The application takes a few minutes to collect and format the data. From the search result, I can scroll down the application to download the CSV file. Each CSV file contains ~100 rows of attractions.

The CSV file contains 21 columns containing extracted information on attractions that best match the query according to Google Maps.

Column Name	Description
`place_id`	generated identification made by Google Maps Extractor
`name`	name of attraction
`description`	details of description as seen on Google Maps
`reviews`	number of reviews for attraction
`competitors`	similiar attractions by Google Caps
`website`	link to attraction website
`phone`	phone number of attraction
`can_claim`	N/A
`owner_name`	owner of attraction
`owner_profile_link`	link to owner of attraction
`featured_image`	image displayed on google map
`main_category`	main category assigned to attraction by Google Maps
`categories`	categories assigned to attraction by Google Maps
`rating`	average rating of attraction
`workday_timing`	operating hours of attraction
`is_temporarily_closed`	N/A
`closed_on`	closing day(s) of attraction by Google Maps
`address`	address of attraction
`review_keywords`	frequent words in review for attractions by Google Maps
`link`	link to google map about attraction
`query`	user input on search engine of Google Maps Extractor

NOTE: The free version only allows 20 searches per month. Unlimited searches for a lifetime require upgrading to the Pro Version.

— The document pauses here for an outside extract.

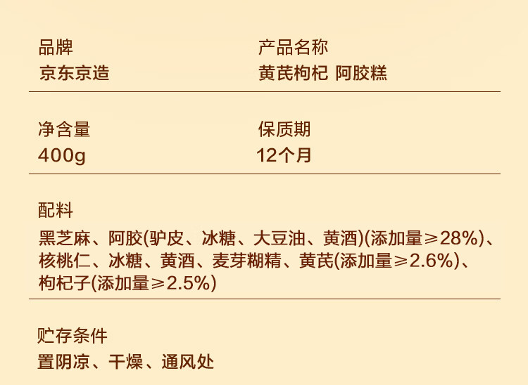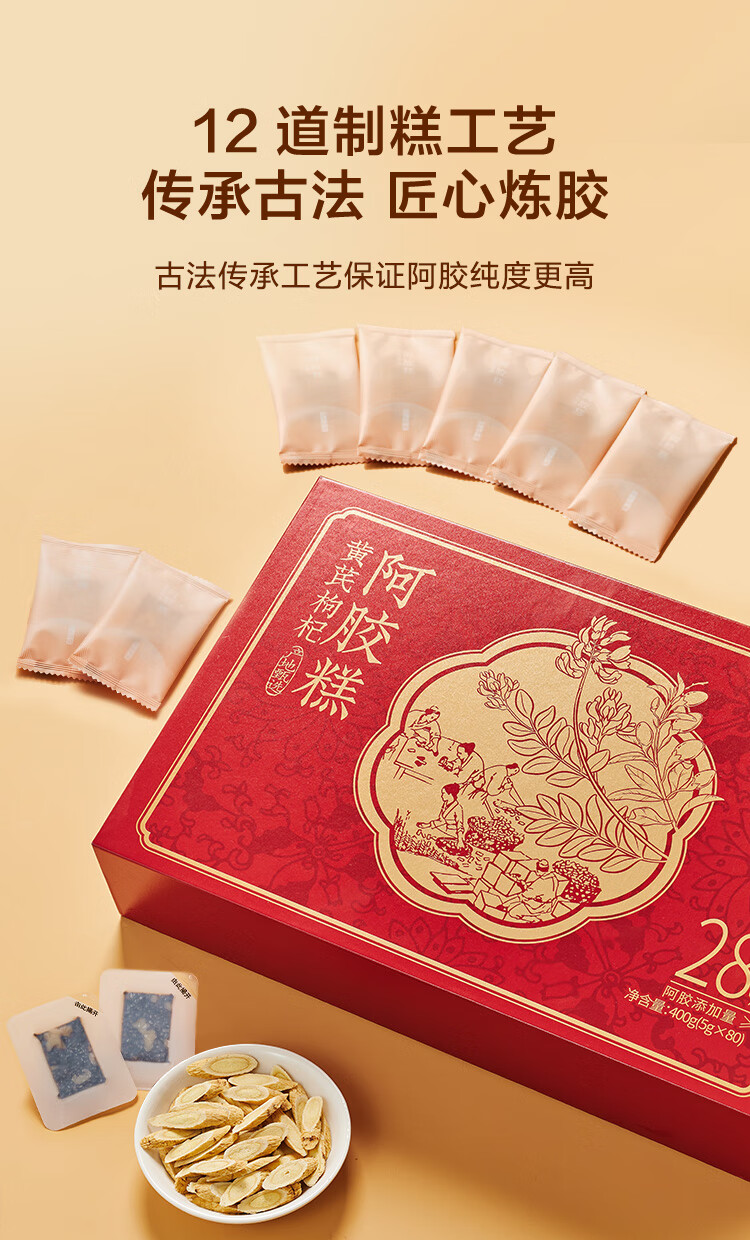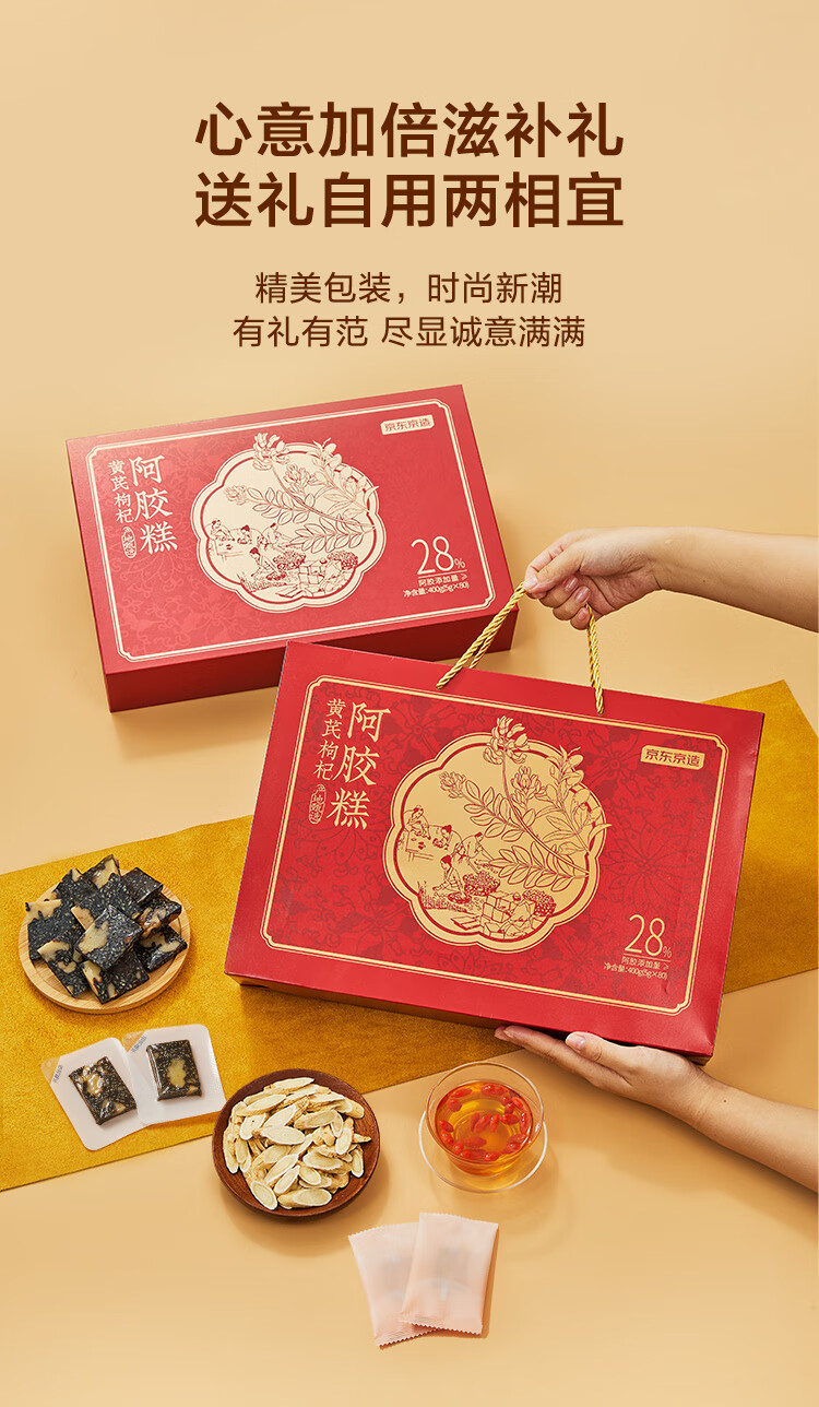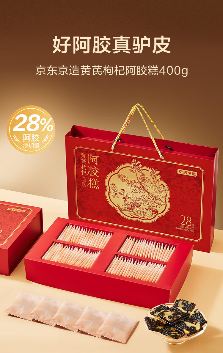 京东京造28%黄芪阿胶糕礼盒400g【母亲节礼物】补品滋补品送妈妈送长辈

More details of Google Map Extractor: https://github.com/omkarcloud/google-maps-scraper?tab=readme-ov-file

Geoapify's Online Geocoding Tool is a free resource that takes a list of addresses and returns more detailed columns about the address such as their longitude and latitude that can be downloaded as a CSV file.

How to Use (from the Official Website):

Upload an Excel, CSV, or text file that contains addresses to be geocoded or copy&paste addresses to a text area
Map columns to the address components (house number, street, city, etc.)
Geocode addresses with Geoapify Geocoder
Download the CSV file with the results

NOTE: The tool only allows a maximum of 500 rows. Larger datasets need to be split.

More details of Geoapify's Online Geocoding Tool: https://www.geoapify.com/tools/geocoding-online/

Work (models, analysis, EDA, etc.) 📊

The final sprint switched gears from a clustering algorithm to a content-filtering recommendation. The formation of the recommendation required modifying the review_keywords in the attractions dataset to a numeric value. Two transformations were performed on the review_keywords to compare review word frequency: CountVectorizer and TfidfVectorizer. Ultimately, the texts from TfidfVectorizer were used for forming the recommendation model.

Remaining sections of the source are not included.